Presentation on theme: "Criminal Justice process- PACE Interrogation Criminal Justice process- PACE Interrogation."— Presentation transcript:
Criminal Justice process- PACE Interrogation Criminal Justice process- PACE Interrogation
Detention without charge S41 & 42 PACE A suspect can be held without being charged for 24 hours before any further authorisation needs to be given. After 24 hours it has be reviewed and further detention must be authorised by an officer of at least the rank of superintendent. If further detention is authorised it can continue till 36 hours. S41 (2) The period starts from the time the suspect arrives at the relevant police station, or from the time he was arrested. (whichever is earlier).

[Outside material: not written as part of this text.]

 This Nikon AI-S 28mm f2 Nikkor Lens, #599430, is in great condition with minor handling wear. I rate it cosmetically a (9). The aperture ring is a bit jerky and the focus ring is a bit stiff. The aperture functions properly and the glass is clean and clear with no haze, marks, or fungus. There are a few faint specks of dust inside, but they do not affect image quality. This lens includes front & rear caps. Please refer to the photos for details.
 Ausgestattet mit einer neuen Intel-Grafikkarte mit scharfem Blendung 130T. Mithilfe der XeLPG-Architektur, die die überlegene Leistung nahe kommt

Detention without charge S42 PACE After 36 hours from the beginning of the detention, the suspect must be brought before a magistrate for a full hearing. S43 : He is allowed legal representation. S43 & 44 : The magistrates can grant a further detention for up to 60 hours - making a total of 96 hours. This is done with 36 hours extention per hearing.
Detention without charge The magistrates can extend the detention for a further 60 hours without charge only if : S43(4) PACE 1) The offence is being investigated diligently & expeditiously 2) The further detention is required to secure or preserve evidence. & S116 PACE 1) If the offence being investigated is a serious arrestable offence.

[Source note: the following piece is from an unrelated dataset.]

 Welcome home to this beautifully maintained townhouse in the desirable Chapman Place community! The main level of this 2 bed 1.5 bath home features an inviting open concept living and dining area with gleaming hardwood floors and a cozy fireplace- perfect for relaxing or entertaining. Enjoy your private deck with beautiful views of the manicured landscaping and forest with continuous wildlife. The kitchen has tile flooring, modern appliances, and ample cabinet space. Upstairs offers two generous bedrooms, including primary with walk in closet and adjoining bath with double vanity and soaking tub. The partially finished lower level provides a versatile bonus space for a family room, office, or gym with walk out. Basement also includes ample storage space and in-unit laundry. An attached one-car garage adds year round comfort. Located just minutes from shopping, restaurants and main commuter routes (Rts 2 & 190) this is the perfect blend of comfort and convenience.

After being charged S38 PACE The arrested person, after being charged, must be released with or without bail, unless : 1) it is necessary to hold him so that his name and address can be obtained. 2) necessary to hold him for his own protection, or prevent causing physical injury or damage to anyone or property 3) custody officer feels that he would not answer to bail or to prevent him from interfering with witnesses or otherwise obstructing the course of justice. 4) if he is a juvenile and ought to be held in his own interests.
After being charged S46(2) PACE After being charged, if he is not released, he will have to be brought before a magistrate’s court, as soon as practicable, and not later than the first sitting after being charged.
Interrogation-intro Upon arrest the police are required to allow the person arrested, to inform someone, a friend or relative that he has been arrested. S56 PACE and Codes of Practice C
Interrogation-intro When can the police delay this right to have someone informed? S56(2) PACE : If the person is arrested for a serious arrestable offence and an officer of at least the rank of superintendent authorises the delay on the following grounds : 1) if allowing immediate contact, may lead to interference with or harm to evidence or witnesses or ; 2) the alerting of others involved in such an offence or ; 3) will hinder recovery of property obtained as a result of the offence. But annex B (code C) provides that such a delay cannot be longer than 36 hours.
To call someone S41(2) No one however is prevented from notifying someone outside the police station, for longer then 36 hours, after the relevant time. Unless the reasons for a lawful delay discussed earlier exists, the suspect is allowed to 1) call someone to inform of his arrest. 2) He is allowed to speak to someone for a reasonable amount of time. (This in addition to his right to consult his solicitor).
Right to legal advice S58 (1) PACE : provides the right for the person arrested to consult a solicitor privately at any time and this must be allowed as soon as practicable. S 58 (8) Delay is permitted only if it is a serious arrestable offence and the officer authorises it, with the following grounds for delay : 1) will lead to interference with or harm to evidence of physical injury to other person. 2) Alerting other persons who have not been arrested. 3) Hinder the recovery of any property.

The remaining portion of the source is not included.